La création du G4 vient en réaction à la neutralité retrouvée de l’UA

Pour Brahim Fassi-Fihri, ce G4, qui ne donne pas de précision sur les réels objectifs de sa démarche, est une déclaration d’intention qui coïncide avec l’élection du Maroc au Conseil de paix et de sécurité (CPS) pour un mandat de trois ans.

« Une décision surprenante venant de la part de quatre pays qui ont toujours fait de l’UA et du CPS le réceptacle naturel de la résolution et du traitement des conflits et des questions de sécurité sur le continent. C’est clairement une contradiction importante par rapport au narratif diplomatique, notamment de l’Algérie. Si l’UA et le CPS sont selon eux, ‘les institutions légitimes’ pour le traitement des questions africaines, alors pourquoi vouloir créer un groupement exclusif en marge de ces institutions pour traiter ces mêmes questions ? », s’interroge le président du think tank Amadeus.

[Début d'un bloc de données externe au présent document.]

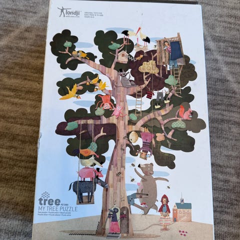 Geometrisk puslespill i tre for barn. Settet består av flere brett med motiver som tog, brannbil og drage, der barnet legger fargede geometriske brikker i utskårne former. Inneholder ulike former og farger som sirkler, trekanter, rektangler og ovaler. Brett og brikker er laget i tre med malt overflate. Egnet som aktivitetsleke for barn til øving på form- og fargegjenkjenning og finmotorikk.

Face à la neutralité retrouvée de l’UA depuis le retour du Maroc et le Sommet de Nouakchott (décision 693), mais aussi face à une troïka composée pour la première fois de trois pays tous favorables au Royaume (République démocratique du Congo, Sénégal et Comores), la création souhaitée d’un G4  – qui est en fait un G2 (Algérie et Afrique du Sud) + 2 (Nigeria et Éthiopie) – pourrait être perçue comme la tentative de mettre en place un gadget ou un outil cosmétique pour masquer les grandes percées concrètes du Royaume sur la question nationale au niveau du continent, avec l’ouverture d’une vingtaine de consulats dans les provinces du Sud.

Une initiative pour diviser davantage le continent africain dans un contexte géopolitique mondial bouleversé

« Il s’agit de quatre pays qui sont depuis longtemps hostiles à l’intégrité territoriale du Royaume, qui se rejoignent idéologiquement et qui ont toujours été alignés sur bon nombre de questions. »

« Les conséquences de ce rapprochement ne changeront rien dans les faits, sinon vouloir ouvertement diviser le continent en insistant potentiellement sur une ligne de fracture continentale autour de la question du Sahara, sachant que plus de la majorité des pays africains soutiennent le Maroc », conclut Brahim Fassi-Fihri. Il ajoute que le G4 jette davantage le flou autour de la nécessaire redéfinition de l’architecture de sécurité du continent, dans un contexte géopolitique mondial bouleversé par la guerre en Ukraine.